Baby in interstate tug-of-war between Utah family, Idaho blood relatives

Author: Lucy Dukes; Staff Writer

COEUR d'ALENE – Twenty-year-old father Matt Tenneson doesn't talk much, but when he does, he seems sincere about wanting to keep the baby his ex-girlfriend is trying to give to a Utah couple for adoption.

"Towards the end of the pregnancy, I was very adamant about keeping the baby," he says, inspecting his hands as he sits hunched and thin across the room from his son's still-wrapped Christmas presents.

"I've always wanted to be a dad," he says.

The baby is in American Fork, Utah, now, with Jed and Callie Nielson. Birth mother Cammie Knight surrendered the infant to the Nielsons through LDS Family Services in June-Tenneson says without his consent.
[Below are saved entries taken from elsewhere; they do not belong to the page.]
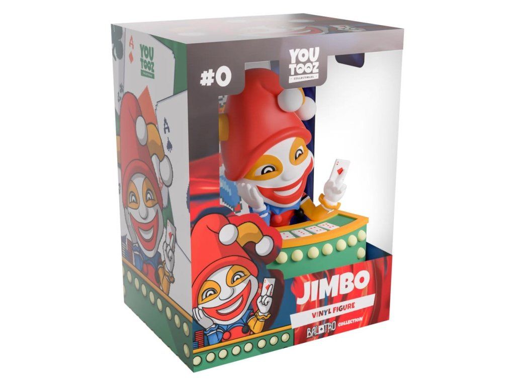 "Máte eso!" Jste připraveni na hru? Jaké máte štěstí?! Jimbo dorazil do Youtooz, aby zjistil, jestli se vám s jeho debutem podaří dosáhnout nového rekordu. Figurka měří 12 cm a sedí za zeleno-žlutým pokerovým stolem, na jehož přední straně probíhají bledá světla; hlavu si opírá o pravou ruku v rukavici a jeho bílá tvář je pokrytá červeným a oranžovým líčením, které ladí s trojcípou šaškovskou čepicí na hlavě. V levé ruce drží eso kárové mezi prsty; má na sobě červeno-modro-oranžovou košili s volánovým límcem, z jehož okrajů visí bambulky, a vícebarevné kalhoty, vedle něj jsou tři hromádky žetonů. Na vnější straně obalu je vyobrazená pokerová ruka plná es s žolíkem uprostřed, zatímco vnitřek je posetý hracími kartami na vířícím modrém pozadí. To pak přechází do sytě červené, která se vlní přes ochranný návlek, přičemž figurka je viditelná skrz velké průhledné okénko na přední straně balení. Tento sběratelský kousek je zasílán v matném, raženém ochranném vnějším návleku a v plastovém krytu na míru pro maximální ochranu během dopravy.
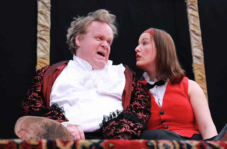 Es ist ja nicht leicht, ein 400 Jahre altes Stück mit fürs zeitgenössische Publikum sperriger Sprache in eine rustikale Freilicht-Produktion zu transponieren, nicht mit den Mitteln eines großen Hauses hinter sich, und trotzdem als künstlerisch einigermaßen anspruchsvoller Regisseur am Morgen noch ohne Beschämung in den Spiegel schauen zu können. Peter Kempkes ist dies, meist, gelungen. Er verantwortet in der fränkischen Version von "Was ihr wollt" auch noch das Bühnenbild und die Text-Bearbeitung, und zu all dem spielt er den Herzog Orsino und den Höfling Andrew von Bleichenwang.
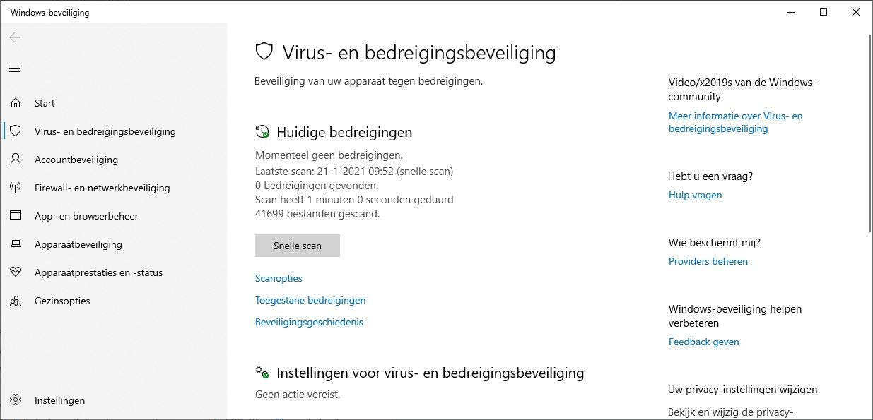 Zoek je een beveiligingsprogramma dat alleen malware en indringers bestrijdt, dan kun je prima met gratis software uit de voeten. Op Windows 10 is standaard al het onderdeel Windows-beveiliging aanwezig. Na een moeizame beginperiode presteert deze toepassing op het gebied van veiligheid tegenwoordig uitstekend. Niet voor niets kent het onafhankelijke onderzoekslab AV-TEST in zijn laatste testresultaten de maximale score aan het Windows-programma toe.
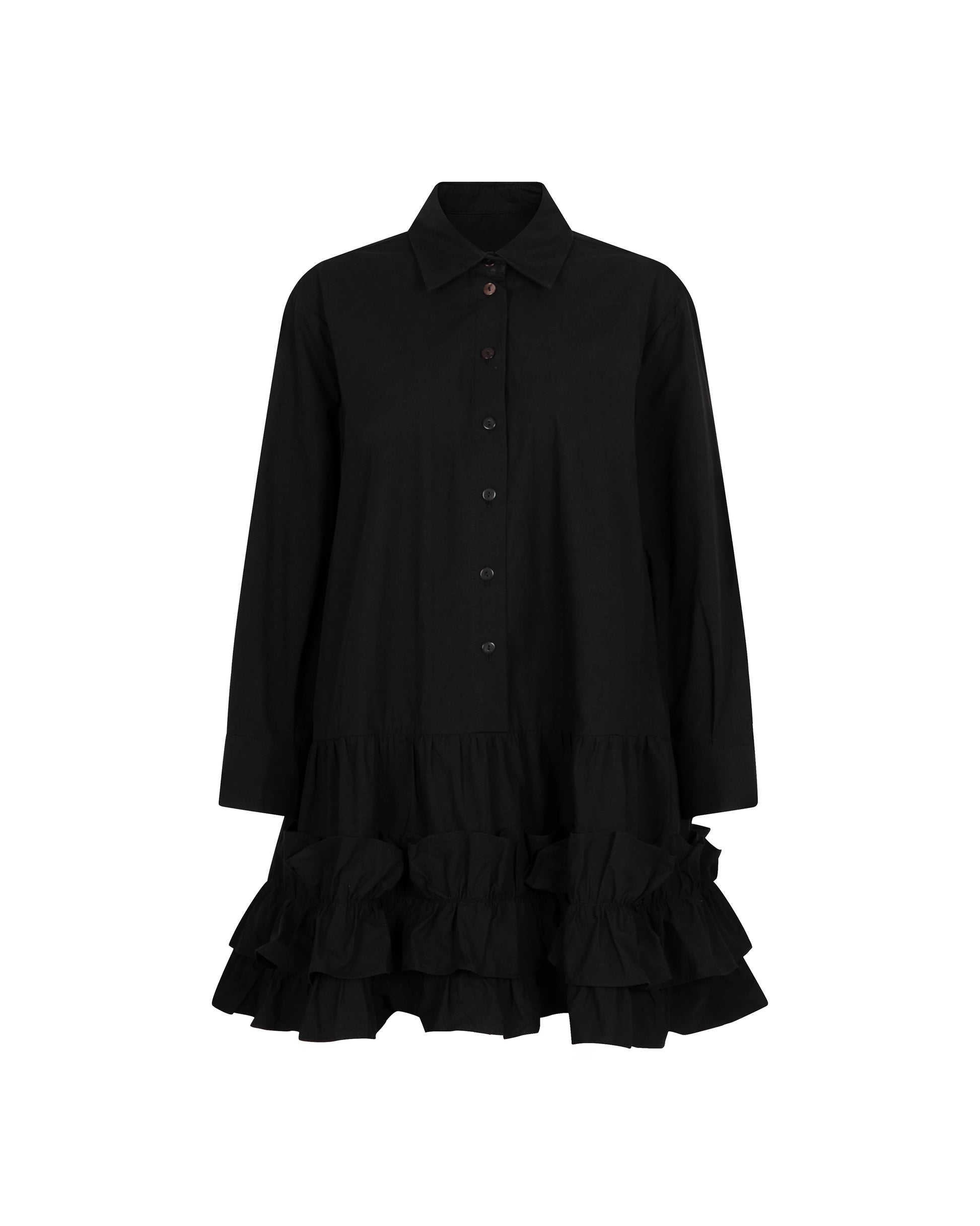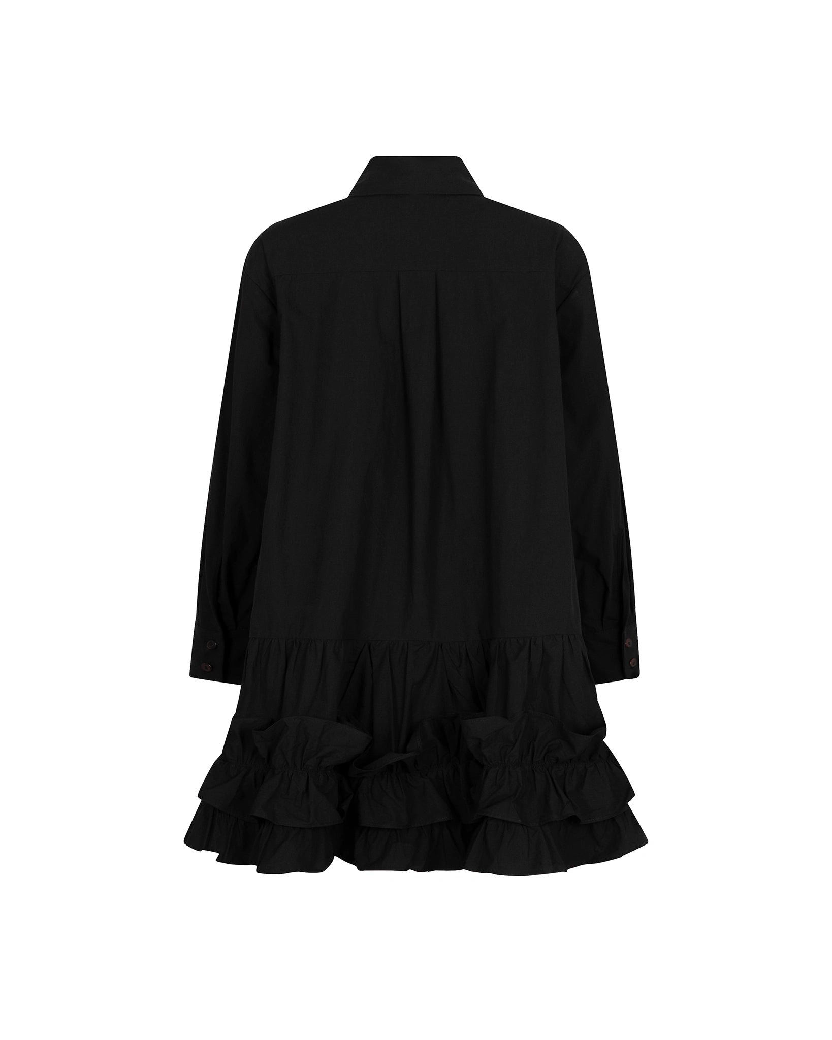 Đầm sơ mi thanh lịch với điểm nhấn là chi tiết bèo nhún váy ấn tượng và chiều dài ngắn trên gối mang đến dáng vẻ năng động, trẻ trung cho các cô gái. Với chiếc đầm này bạn có thể mặc đi làm hoặc đi chơi đều rất phù hợp.
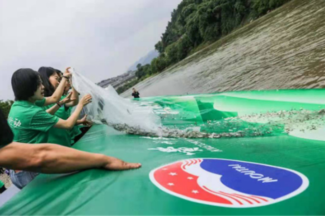 茅台员工在赤水河开展增殖放流活动
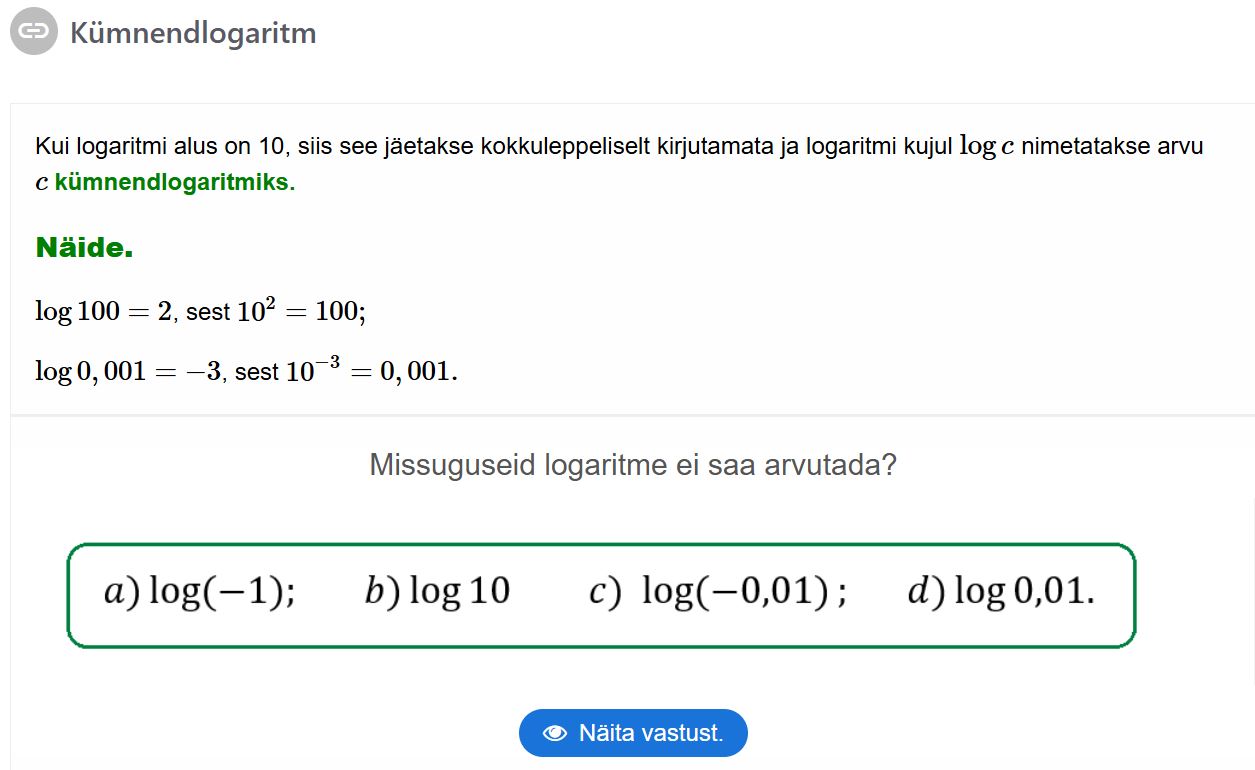 Õpiobjekt tutvustab kümnendlogaritmi mõistet, mis on logaritmi erijuht alusel 10. Objekti sisu aitab mõista, et kümnendlogaritm on lühimärge, mille puhul alust 10 ei kirjutata

Earlier this month, after months of litigation, Magistrate Barry Watson ordered the couple to return the 6-month-old baby to Tenneson. The Nielsons are fighting to keep the infant out of concern for her baby's future, Callie Nielson says.

She also says they are not violating a court order with any jurisdiction over them.

"I want to say that what I'm doing I'm doing out of love for my son," she says.

"What kind of mother would I be if I didn't do whatever I possibly could?"

The couple's attorney, Larry Jenkins, says the two were not a party to the court proceedings in Idaho.

"We're not just going to turn over the child based on the order of the court entered up there," he says.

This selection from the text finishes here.